> What needs to be done
The string "with" appears in some lines of the entries that follow; copy each such line.

> Data section
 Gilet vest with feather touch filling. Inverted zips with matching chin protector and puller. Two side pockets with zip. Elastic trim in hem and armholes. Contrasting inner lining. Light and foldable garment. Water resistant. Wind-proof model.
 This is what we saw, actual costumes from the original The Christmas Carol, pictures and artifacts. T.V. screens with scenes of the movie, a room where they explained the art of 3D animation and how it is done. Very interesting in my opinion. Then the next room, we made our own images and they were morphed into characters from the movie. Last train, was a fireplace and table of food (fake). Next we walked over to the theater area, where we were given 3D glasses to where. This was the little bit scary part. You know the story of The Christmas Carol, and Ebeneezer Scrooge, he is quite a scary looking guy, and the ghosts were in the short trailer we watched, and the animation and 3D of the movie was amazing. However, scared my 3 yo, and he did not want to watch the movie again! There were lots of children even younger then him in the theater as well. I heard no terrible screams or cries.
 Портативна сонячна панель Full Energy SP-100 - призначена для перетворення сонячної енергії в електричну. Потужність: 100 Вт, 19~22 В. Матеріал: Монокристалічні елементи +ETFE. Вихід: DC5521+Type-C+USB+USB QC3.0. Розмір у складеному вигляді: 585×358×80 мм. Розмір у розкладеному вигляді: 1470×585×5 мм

...

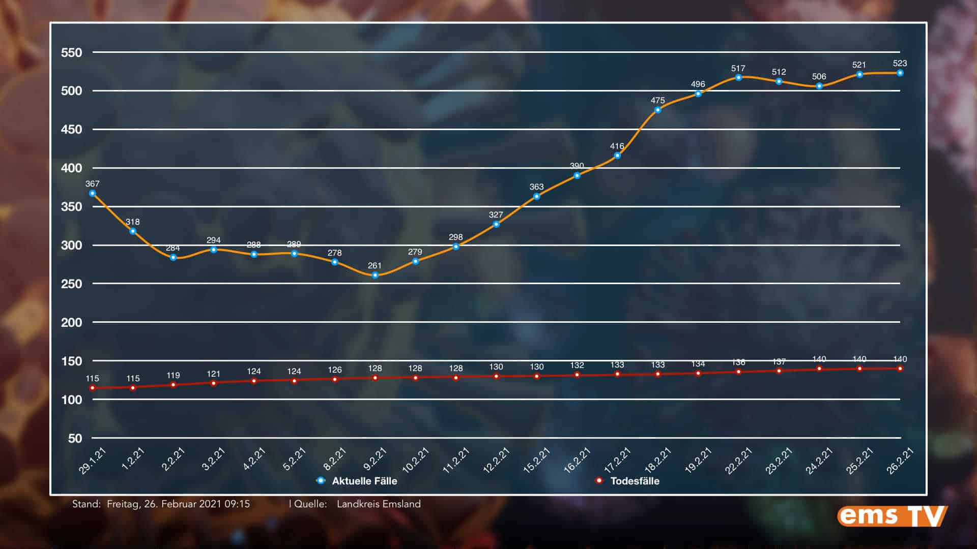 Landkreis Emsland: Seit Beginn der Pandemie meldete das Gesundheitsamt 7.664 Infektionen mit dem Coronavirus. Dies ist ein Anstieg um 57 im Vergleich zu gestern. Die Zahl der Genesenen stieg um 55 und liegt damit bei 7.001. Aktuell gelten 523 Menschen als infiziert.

> Written reply
 Gilet vest with feather touch filling. Inverted zips with matching chin protector and puller. Two side pockets with zip. Elastic trim in hem and armholes. Contrasting inner lining. Light and foldable garment. Water resistant. Wind-proof model.
 This is what we saw, actual costumes from the original The Christmas Carol, pictures and artifacts. T.V. screens with scenes of the movie, a room where they explained the art of 3D animation and how it is done. Very interesting in my opinion. Then the next room, we made our own images and they were morphed into characters from the movie. Last train, was a fireplace and table of food (fake). Next we walked over to the theater area, where we were given 3D glasses to where. This was the little bit scary part. You know the story of The Christmas Carol, and Ebeneezer Scrooge, he is quite a scary looking guy, and the ghosts were in the short trailer we watched, and the animation and 3D of the movie was amazing. However, scared my 3 yo, and he did not want to watch the movie again! There were lots of children even younger then him in the theater as well. I heard no terrible screams or cries.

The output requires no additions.